ABOUT THIS TASK
Copy exactly the stretch of data below from the line with "An der Ortstafel" through the line with "Nemendur í 4.", including both of those lines.

----------------

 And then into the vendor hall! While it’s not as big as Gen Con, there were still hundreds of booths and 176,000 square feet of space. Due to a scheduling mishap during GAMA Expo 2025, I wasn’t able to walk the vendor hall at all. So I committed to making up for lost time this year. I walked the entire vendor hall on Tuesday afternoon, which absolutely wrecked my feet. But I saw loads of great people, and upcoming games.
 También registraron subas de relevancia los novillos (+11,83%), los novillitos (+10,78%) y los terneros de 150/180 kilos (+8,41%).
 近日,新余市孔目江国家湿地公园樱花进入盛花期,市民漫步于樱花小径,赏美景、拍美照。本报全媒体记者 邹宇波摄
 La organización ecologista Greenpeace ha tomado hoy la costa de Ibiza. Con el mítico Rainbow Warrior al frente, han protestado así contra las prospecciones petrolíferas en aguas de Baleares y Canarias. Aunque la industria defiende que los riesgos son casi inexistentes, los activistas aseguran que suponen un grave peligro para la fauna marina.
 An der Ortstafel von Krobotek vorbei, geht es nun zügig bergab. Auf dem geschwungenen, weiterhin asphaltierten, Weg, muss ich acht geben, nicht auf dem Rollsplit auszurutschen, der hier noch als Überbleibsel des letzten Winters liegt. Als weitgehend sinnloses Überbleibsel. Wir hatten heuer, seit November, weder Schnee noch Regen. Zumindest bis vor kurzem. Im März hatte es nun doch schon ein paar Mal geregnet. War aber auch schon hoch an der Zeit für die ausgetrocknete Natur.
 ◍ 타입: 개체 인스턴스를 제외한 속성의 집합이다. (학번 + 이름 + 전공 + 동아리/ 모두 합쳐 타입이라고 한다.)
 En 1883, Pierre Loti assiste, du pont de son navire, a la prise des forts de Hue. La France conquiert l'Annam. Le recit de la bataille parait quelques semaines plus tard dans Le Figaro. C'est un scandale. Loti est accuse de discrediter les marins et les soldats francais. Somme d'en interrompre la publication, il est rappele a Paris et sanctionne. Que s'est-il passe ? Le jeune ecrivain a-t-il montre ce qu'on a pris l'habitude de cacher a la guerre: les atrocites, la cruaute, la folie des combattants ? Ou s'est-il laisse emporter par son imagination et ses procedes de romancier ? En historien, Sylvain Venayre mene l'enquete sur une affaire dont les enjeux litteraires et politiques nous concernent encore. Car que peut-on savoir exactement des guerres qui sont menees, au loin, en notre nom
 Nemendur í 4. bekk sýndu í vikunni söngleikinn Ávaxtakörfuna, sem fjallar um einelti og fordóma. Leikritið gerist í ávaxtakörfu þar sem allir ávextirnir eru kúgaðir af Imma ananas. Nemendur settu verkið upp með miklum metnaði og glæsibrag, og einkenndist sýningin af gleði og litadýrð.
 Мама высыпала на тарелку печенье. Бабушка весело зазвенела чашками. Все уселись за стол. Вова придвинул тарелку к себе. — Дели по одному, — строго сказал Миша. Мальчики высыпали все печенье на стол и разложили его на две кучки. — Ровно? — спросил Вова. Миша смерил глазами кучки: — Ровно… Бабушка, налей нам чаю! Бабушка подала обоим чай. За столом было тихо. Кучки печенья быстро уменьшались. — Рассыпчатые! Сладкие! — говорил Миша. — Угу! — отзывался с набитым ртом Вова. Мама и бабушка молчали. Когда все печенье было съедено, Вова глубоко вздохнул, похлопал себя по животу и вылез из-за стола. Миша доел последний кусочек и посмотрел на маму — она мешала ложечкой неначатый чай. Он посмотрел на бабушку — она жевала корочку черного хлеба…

----------------

ANSWER AREA
 An der Ortstafel von Krobotek vorbei, geht es nun zügig bergab. Auf dem geschwungenen, weiterhin asphaltierten, Weg, muss ich acht geben, nicht auf dem Rollsplit auszurutschen, der hier noch als Überbleibsel des letzten Winters liegt. Als weitgehend sinnloses Überbleibsel. Wir hatten heuer, seit November, weder Schnee noch Regen. Zumindest bis vor kurzem. Im März hatte es nun doch schon ein paar Mal geregnet. War aber auch schon hoch an der Zeit für die ausgetrocknete Natur.
 ◍ 타입: 개체 인스턴스를 제외한 속성의 집합이다. (학번 + 이름 + 전공 + 동아리/ 모두 합쳐 타입이라고 한다.)
 En 1883, Pierre Loti assiste, du pont de son navire, a la prise des forts de Hue. La France conquiert l'Annam. Le recit de la bataille parait quelques semaines plus tard dans Le Figaro. C'est un scandale. Loti est accuse de discrediter les marins et les soldats francais. Somme d'en interrompre la publication, il est rappele a Paris et sanctionne. Que s'est-il passe ? Le jeune ecrivain a-t-il montre ce qu'on a pris l'habitude de cacher a la guerre: les atrocites, la cruaute, la folie des combattants ? Ou s'est-il laisse emporter par son imagination et ses procedes de romancier ? En historien, Sylvain Venayre mene l'enquete sur une affaire dont les enjeux litteraires et politiques nous concernent encore. Car que peut-on savoir exactement des guerres qui sont menees, au loin, en notre nom
 Nemendur í 4. bekk sýndu í vikunni söngleikinn Ávaxtakörfuna, sem fjallar um einelti og fordóma. Leikritið gerist í ávaxtakörfu þar sem allir ávextirnir eru kúgaðir af Imma ananas. Nemendur settu verkið upp með miklum metnaði og glæsibrag, og einkenndist sýningin af gleði og litadýrð.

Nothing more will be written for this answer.